GIVEN DATA:
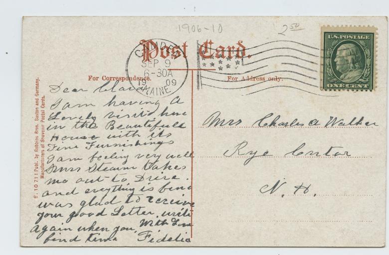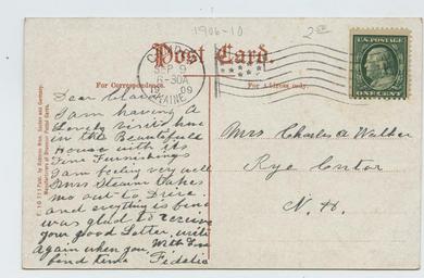 | Keywords: postcards correspondence fidelia clara walker clarawalker charles walker charleswalker camden rye center nh ryecenternh text document writing drawing sketch Postmarked Camden, September 9, 1909. Dear Clara, I am having a lovely visit here in this beautiful house with its fine furnishings. I am feeling very well. [? Stearn?] takes me out to drive and everything is fine. Was glad to receive your good letter. Write again when you find time. With love, Fidelia Addressed to: Mrs. Charles A. Walker Rye Center N.H. Postmarked Camden, September 9, 1909. Dear Clara, I am having a lovely visit here in this beautiful house with its fine furnishings. I am feeling very well. [? Stearn?] takes me out to drive and everything is fine. Was glad to receive your good letter. Write again when you find time. With love, Fidelia Addressed to: Mrs. Charles A. Walker Rye Center N.H. |
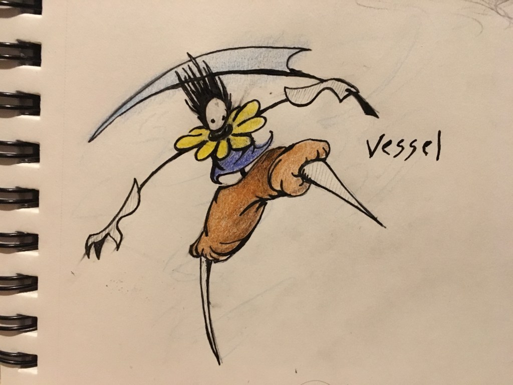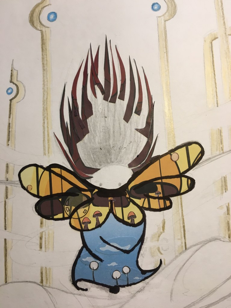 Then, before I could do Red World, I had to put in the central figure. I made Vessel using screenshots from the game in a collage. The spiky rocks of Red World became the hair, the whimsical mushroom forest of Orange World made up Vessel’s yellow collar, Blue World was a natural fit for his blue shirt, and for his baggy pants, I used the trees from Green World. Vessel’s legs, gauntlets, and mask were made from plain white paper to avoid looking too busy. When the whole collage was assembled, I drew the black cartoon outlines back on using a brush tip Sharpie.
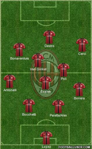 Lopez · Paletta/Alex · Bocchetti · Bonera · Essien · Antonelli · Poli · Van Ginkel · Bonaventura · Cerci · Destro
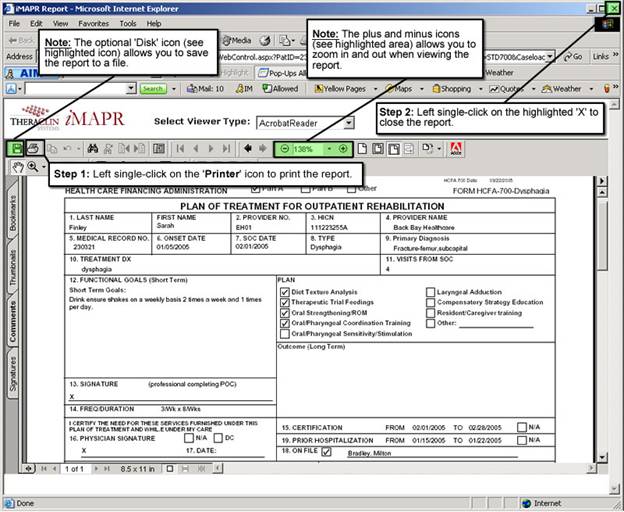 1. Left single-click on the ‘Printer’ icon to print the report.
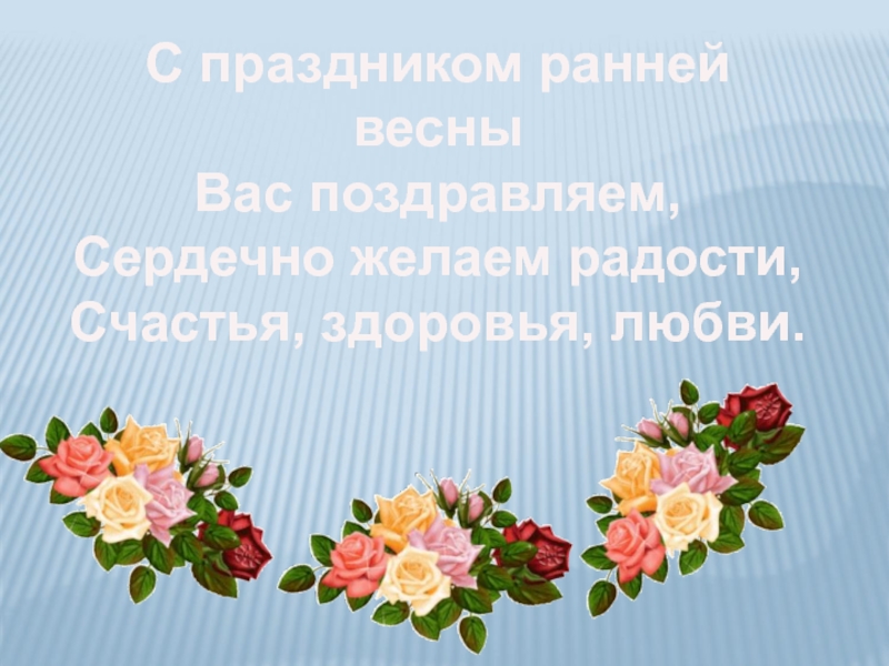С праздником ранней весныВас поздравляем,Сердечно желаем радости,Счастья, здоровья, любви.
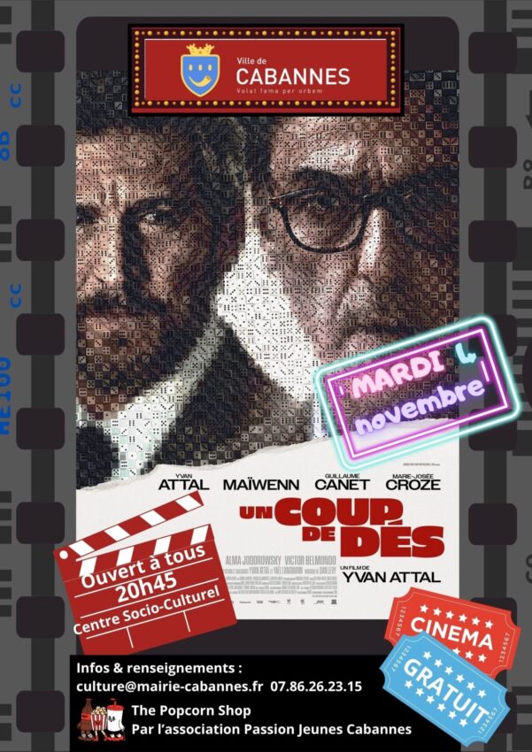 Film » Un coup de dés » avec Guillaume Canet et Yvan Attal. Gratuit et ouvert à tous. Buvette et petite restauration par l’association Passion Jeunes Cabannes.
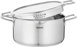 De strakke lijnen, het hoogwaardige geborstelde roestvrij staal en de platte deksel van deze Tefal Nordica Pannenset – 3 delig zorgen ervoor dat je heerlijke gerechten kunt maken. Zonder poespas, maar met het grootste gemak. Dankzij het innovatieve design heeft de Nordica twee grepen aan de zijkant voor het veilig en makkelijk afgieten van kookvocht.
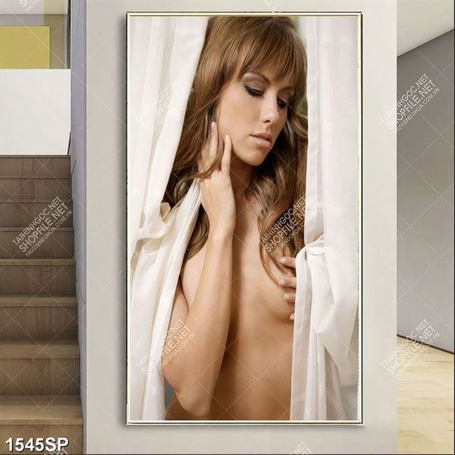 Tranh cô gái khỏa thân nghệ thuật bên tấm rèm cửa treo spa
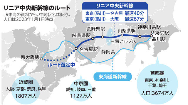 ■36年以降にずれこむ見通し。当初は27年予定だった Q どこを走るのか。 A 東京からだと品川を出発し、神奈川、山梨、静岡、長野、岐阜各県を通過し、名古屋までの286キロを...
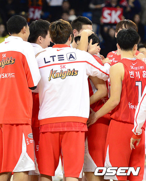 경기 종료 후 SK 김선형이 동료들과 승리의 기쁨을 나누고 있다./sunday@osen.co.kr
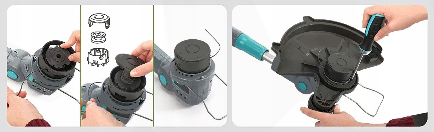 - рішення, яке практично не потребує обслуговування, щоб поповнити довжину лінії, просто натисніть кнопку кнопку на голові та потягніть за волосінь, а зайве зріже різак, встановлений на корпусі
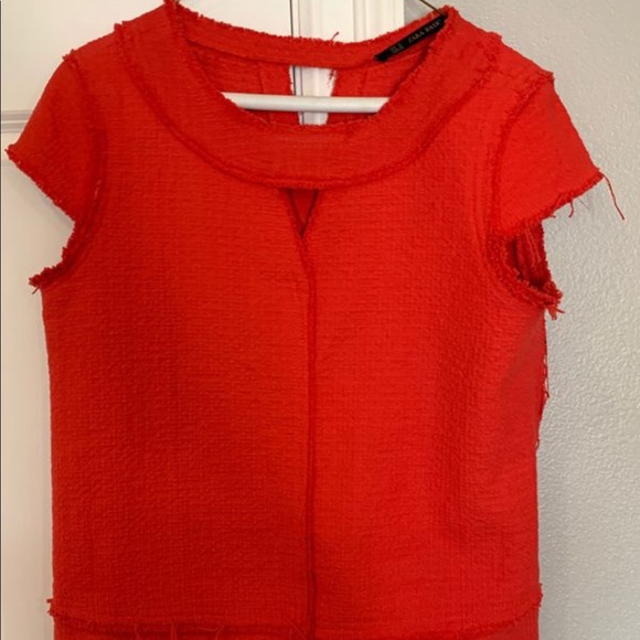Top. Red color. Distressed look. Size medium, but more in a small size.
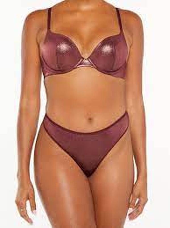 Комплект верх і низ можна підібрати по розміру або придбати окремо Після або перед оформленням замовлення уточнюйте розміри Розмір ліфів: 70C, 75D, 80E Трусики: XS, S, M Мікрофібра металева фольга Гладке, гладке відчуття, яке обіймає ваші вигини Легка підкладка Спинка в клітці Фурнітура рожевого золота, включаючи брелок «X» у центрі спереду Регульовані лямки з логотипом Застібка на гачок і вушко ззаду 75% нейлон, 25% еластан Прати вручну холодною водою та сушити на білизні Не віджимайте та не сушіть у пральній машині
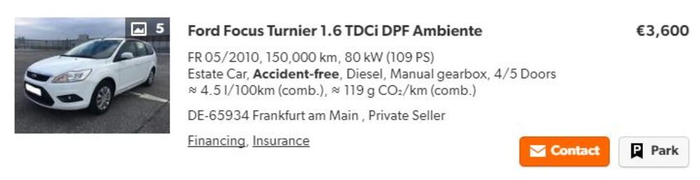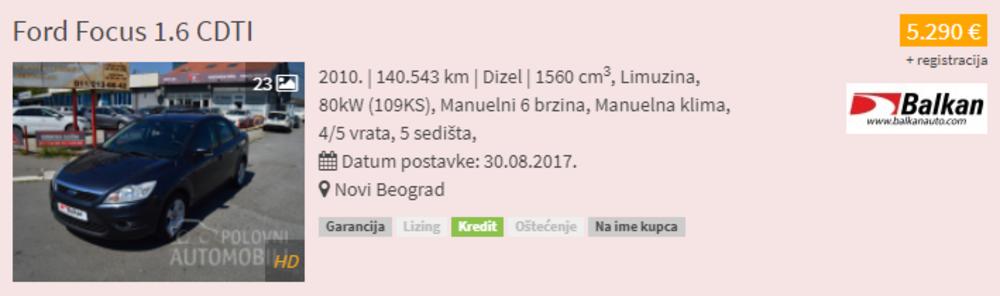 Kao što smo već napisali, trudili smo se da pronađemo zaista automobile koji su slični, odnosno da budu isto godište i da imaju približno pređenu kilometražu. Tako smo pronašli i Ford Fokusa 1.6 koji kod nas u Srbiji iznosi oko 5.300 evra sa 140.000 pređenih kilometara, a u Nemačkoj košta manje 3.600 evra. Ovo je za sada jedini automobil koji je dosta jeftiniji, ali opet je pitanje koliko bi vam se isplatio.

PROBLEM TO WORK ON: Could you please write out exactly the lines from the start of the entries above through the line that holds "De strakke lijnen, het", both included, with no pictures?

REPLY TO THE EXERCISE:
 | Keywords: postcards correspondence fidelia clara walker clarawalker charles walker charleswalker camden rye center nh ryecenternh text document writing drawing sketch Postmarked Camden, September 9, 1909. Dear Clara, I am having a lovely visit here in this beautiful house with its fine furnishings. I am feeling very well. [? Stearn?] takes me out to drive and everything is fine. Was glad to receive your good letter. Write again when you find time. With love, Fidelia Addressed to: Mrs. Charles A. Walker Rye Center N.H. Postmarked Camden, September 9, 1909. Dear Clara, I am having a lovely visit here in this beautiful house with its fine furnishings. I am feeling very well. [? Stearn?] takes me out to drive and everything is fine. Was glad to receive your good letter. Write again when you find time. With love, Fidelia Addressed to: Mrs. Charles A. Walker Rye Center N.H. |
 Then, before I could do Red World, I had to put in the central figure. I made Vessel using screenshots from the game in a collage. The spiky rocks of Red World became the hair, the whimsical mushroom forest of Orange World made up Vessel’s yellow collar, Blue World was a natural fit for his blue shirt, and for his baggy pants, I used the trees from Green World. Vessel’s legs, gauntlets, and mask were made from plain white paper to avoid looking too busy. When the whole collage was assembled, I drew the black cartoon outlines back on using a brush tip Sharpie.
 Lopez · Paletta/Alex · Bocchetti · Bonera · Essien · Antonelli · Poli · Van Ginkel · Bonaventura · Cerci · Destro
 1. Left single-click on the ‘Printer’ icon to print the report.
С праздником ранней весныВас поздравляем,Сердечно желаем радости,Счастья, здоровья, любви.
 Film » Un coup de dés » avec Guillaume Canet et Yvan Attal. Gratuit et ouvert à tous. Buvette et petite restauration par l’association Passion Jeunes Cabannes.
 De strakke lijnen, het hoogwaardige geborstelde roestvrij staal en de platte deksel van deze Tefal Nordica Pannenset – 3 delig zorgen ervoor dat je heerlijke gerechten kunt maken. Zonder poespas, maar met het grootste gemak. Dankzij het innovatieve design heeft de Nordica twee grepen aan de zijkant voor het veilig en makkelijk afgieten van kookvocht.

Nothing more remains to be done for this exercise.